Filling in gaps in your dataset usually takes one of two forms. You can interpolate, where intermediate points are generated based on their neighbors, or you can carry values forward.
In this post we’re going to carry values forward. Below we have a log of when a customer changed payment plans. Since the customer didn’t change plans everyday, we only have data for certain days.
Most daily revenue metrics work best when you have daily data, so this isn’t the most convenient form for data analysis. Using a correlated subquery, we’ll convert this list of events to a time series showing the customer’s current plan on each date.
This customer upgraded from a $10/day plan to $15 and then $20, and then downgraded to $15:
select date(created_at) as d, plan_amount as plan from playment_plans where customer_id = 1 order by 1
By using generate series or joining a list of dates, we can build most of the daily plan dataset we’re looking for:
select * from spotty_data order by 1
Filling in the Gaps
We want the $10 plan value to fill down to 2016-03-24 and 2016-03-25, for $15 to fill in 2016-03-27 and 2016-03-28, etc.

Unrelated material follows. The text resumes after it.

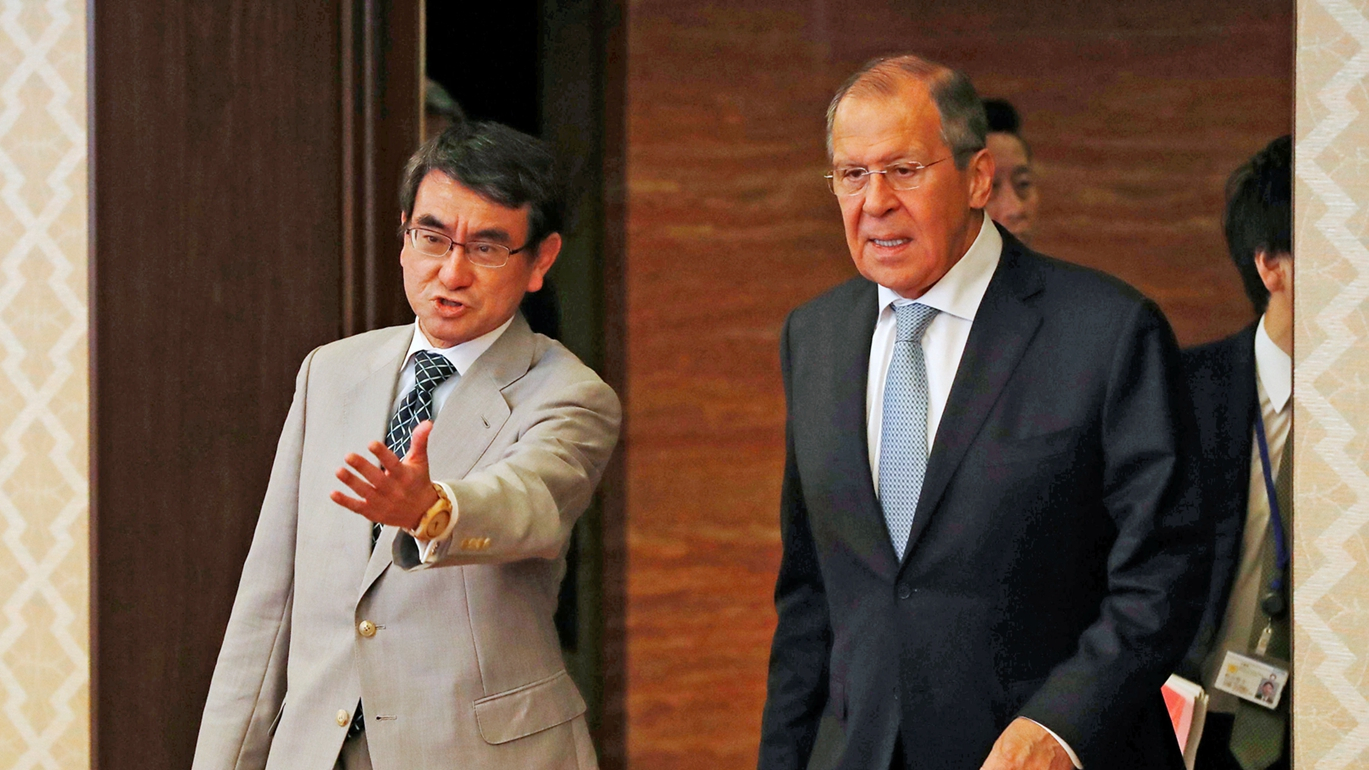 Lavrov's comment, in Russian, was translated into Japanese at a joint news conference with Kono.

It looks like window functions could work well here, but they won’t. The lag window function can look at previous rows, but it cannot look at previous versions of itself, so you’ll end up with a result like this:
select * , coalesce(plan, lag(plan) over(order by d)) from spotty_data order by 1
With the lag function, we only fill in one new value. To fill all of them in, we need a correlated subquery.

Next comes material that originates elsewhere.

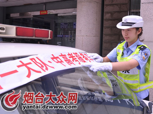 在交警一大隊,記者看到民警們正忙著給警車粘貼“交警一大隊中高考服務車”的標識,民警告訴記者,“所有粘貼‘中高考服務車’的警車都是高考專用車,在高考期間專門為考生服務,保證在考生需要幫助時招手即停,隨時為考生開道。”

Correlated Subqueries for Multi-Row Lag
Be careful: correlated subqueries can be very slow. They execute once for each row in your result set, so make sure they’re using indices or the data set is small.
In our case, we want to find the most recent plan, at or before the current date. Using a correlated subquery here is similar to a self join or getting the first row from a join, but with the logic in the select statement as a new column:
select * , (select plan from spotty_data as backfill where backfill.d <= original.d and backfill.plan is not null order by backfill.d desc limit 1) as coalesce_down_plan from spotty_data as original order by 1
We define a new column that’s selecting a single value out of the same table, renamed backfill. The original spotty_data we’ll call original.
The condition backfill.d <= original.d coupled with order by backfill.d desc ensures that the top row of our subselect is the most recent plan. The limit 1 is required as the expression can only return one row to be used as the value for the new column.
With our correlated subquery, we’re able to fill in the blanks for each date, making our revenue analysis much easier.